▶ [Required work]
Transcribe the records below exactly as they appear, omitting any pictures.

▶ [Records provided]
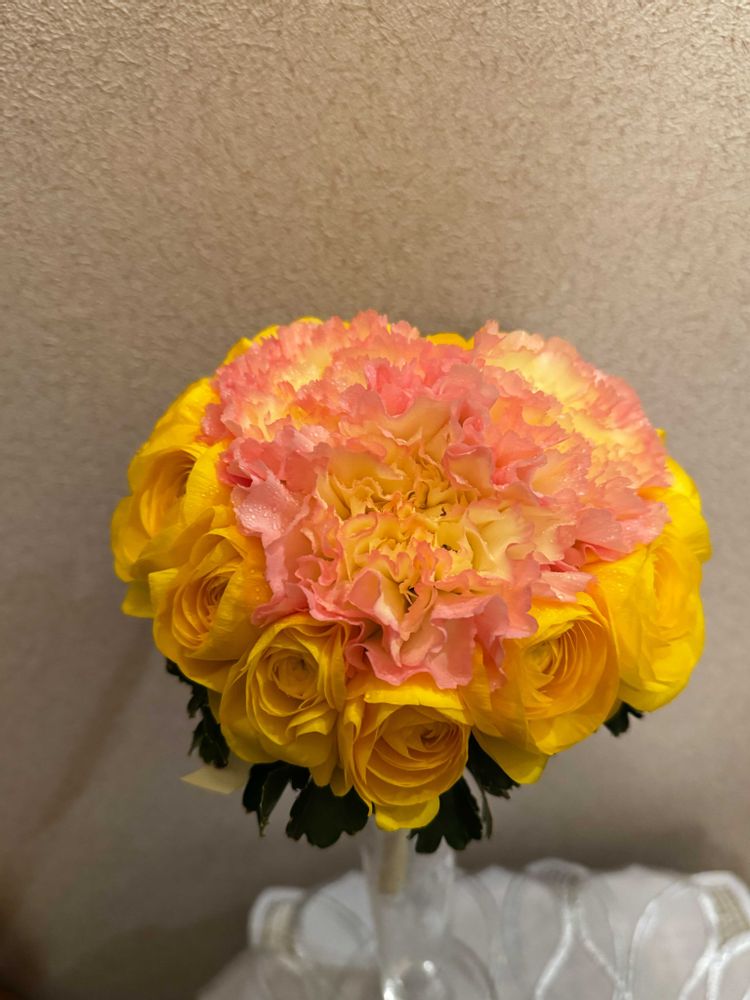 黄色のラナンキュラスが縁取りに🌼中心のウスモモ色のお花はカーネーションです✨🌸 娘作
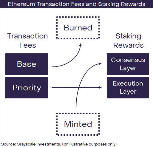 通过提供这些服务,质押者将获得代币奖励,这些代币来自用户支付的费用和新发行的代币。在以太坊上,费用分为基本费用和优先费用(小费)。网络会自动销毁基本费用部分,旨在通过减少代币供应量使所有用户受益。质押者除了新发行的 ETH 外,还能获得用户在交易中支付的优先费用(图 3)。
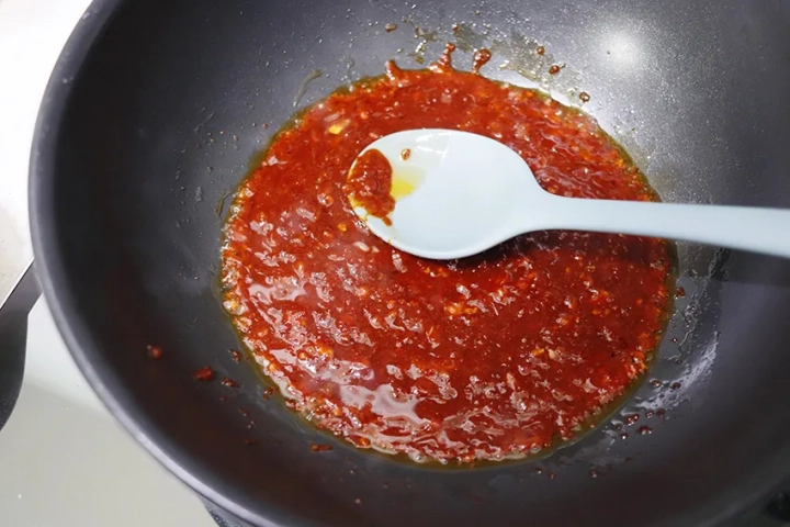 팬에 기름 2큰술을 두르고 양념장을 넣어 볶아주세요.
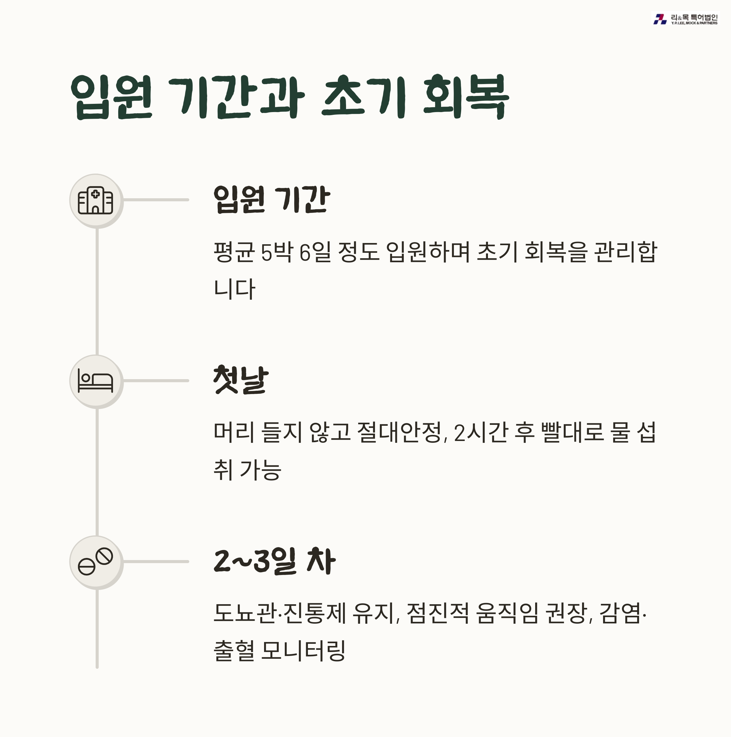 수술 직후 2박 3일에서 5박 6일 정도 병원에 입원하는 경우가 일반적입니다.
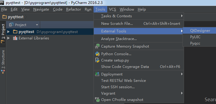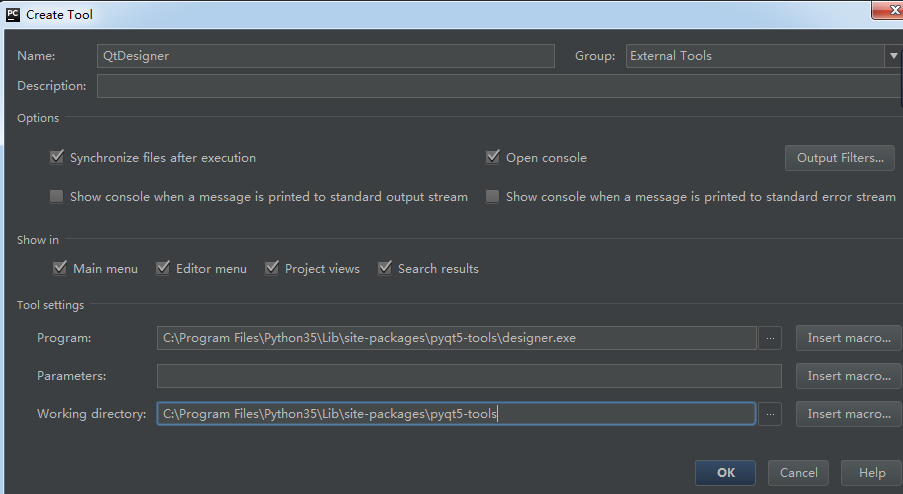 4,添加QtDesigner,exe的路径在安装目录下C:\Program Files\Python35\Lib\site-packages\pyqt5-tools\designer.exe
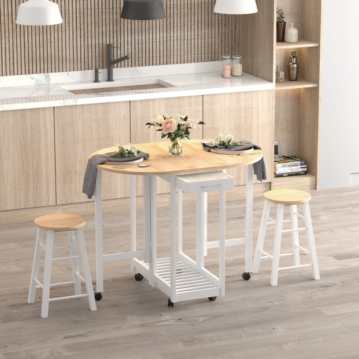 HOMCOM 3 Pieces Dining Room Set, Mobile Foldable Dining Table and 2 Stools with Storage Shelf, 2 Drawers and 6 Wheels, Drop Leaf Bar Table and Stools for Home Kitchen Pub, White - White
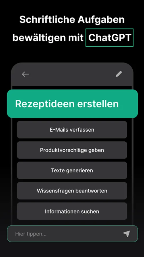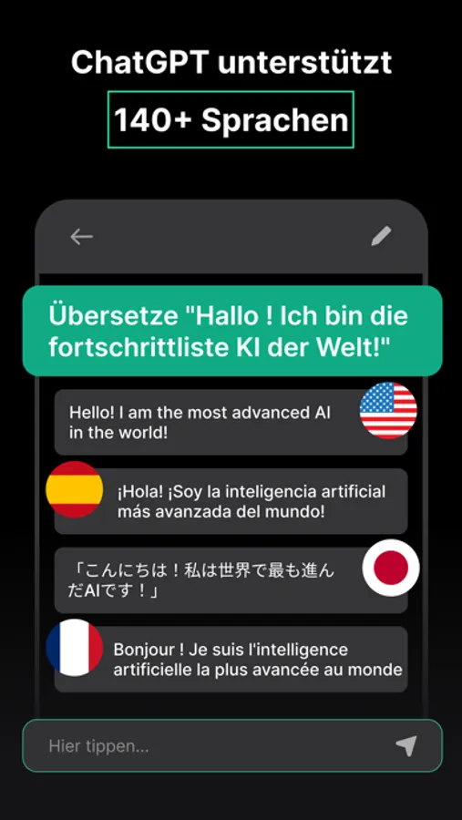 NEXA mit ChatGPT bietet dir eine Vielzahl von Möglichkeiten, um mit der KI zu interagieren. Egal, ob du lieber per Texteingabe oder Spracheingabe kommunizierst, unser Chatbot steht dir jederzeit zur Verfügung. Einfach und bequem kannst du deine Fragen stellen, dich unterhalten lassen oder dich mit dem Chatbot über verschiedene Themen austauschen.
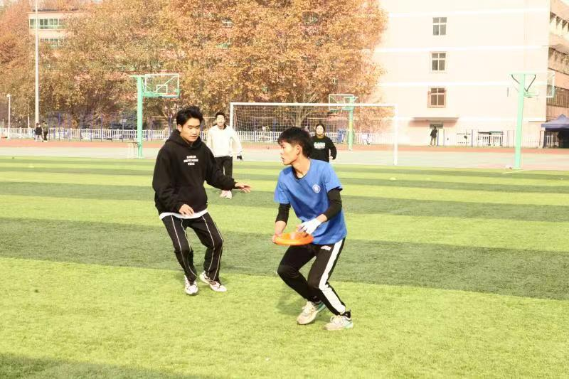 共8支队伍同台竞技,现场气氛活跃、融洽。接盘、传盘、跑位、跳跃,同学们随时调整站位,预先跑到合适的位置准备接盘,在来回奔跑中挥洒汗水,每一次抛盘与接盘都考验着队员之间的协作配合。

▶ [Task answer]
 黄色のラナンキュラスが縁取りに🌼中心のウスモモ色のお花はカーネーションです✨🌸 娘作
 通过提供这些服务,质押者将获得代币奖励,这些代币来自用户支付的费用和新发行的代币。在以太坊上,费用分为基本费用和优先费用(小费)。网络会自动销毁基本费用部分,旨在通过减少代币供应量使所有用户受益。质押者除了新发行的 ETH 外,还能获得用户在交易中支付的优先费用(图 3)。
 팬에 기름 2큰술을 두르고 양념장을 넣어 볶아주세요.
 수술 직후 2박 3일에서 5박 6일 정도 병원에 입원하는 경우가 일반적입니다.
 4,添加QtDesigner,exe的路径在安装目录下C:\Program Files\Python35\Lib\site-packages\pyqt5-tools\designer.exe
 HOMCOM 3 Pieces Dining Room Set, Mobile Foldable Dining Table and 2 Stools with Storage Shelf, 2 Drawers and 6 Wheels, Drop Leaf Bar Table and Stools for Home Kitchen Pub, White - White
 NEXA mit ChatGPT bietet dir eine Vielzahl von Möglichkeiten, um mit der KI zu interagieren. Egal, ob du lieber per Texteingabe oder Spracheingabe kommunizierst, unser Chatbot steht dir jederzeit zur Verfügung. Einfach und bequem kannst du deine Fragen stellen, dich unterhalten lassen oder dich mit dem Chatbot über verschiedene Themen austauschen.
 共8支队伍同台竞技,现场气氛活跃、融洽。接盘、传盘、跑位、跳跃,同学们随时调整站位,预先跑到合适的位置准备接盘,在来回奔跑中挥洒汗水,每一次抛盘与接盘都考验着队员之间的协作配合。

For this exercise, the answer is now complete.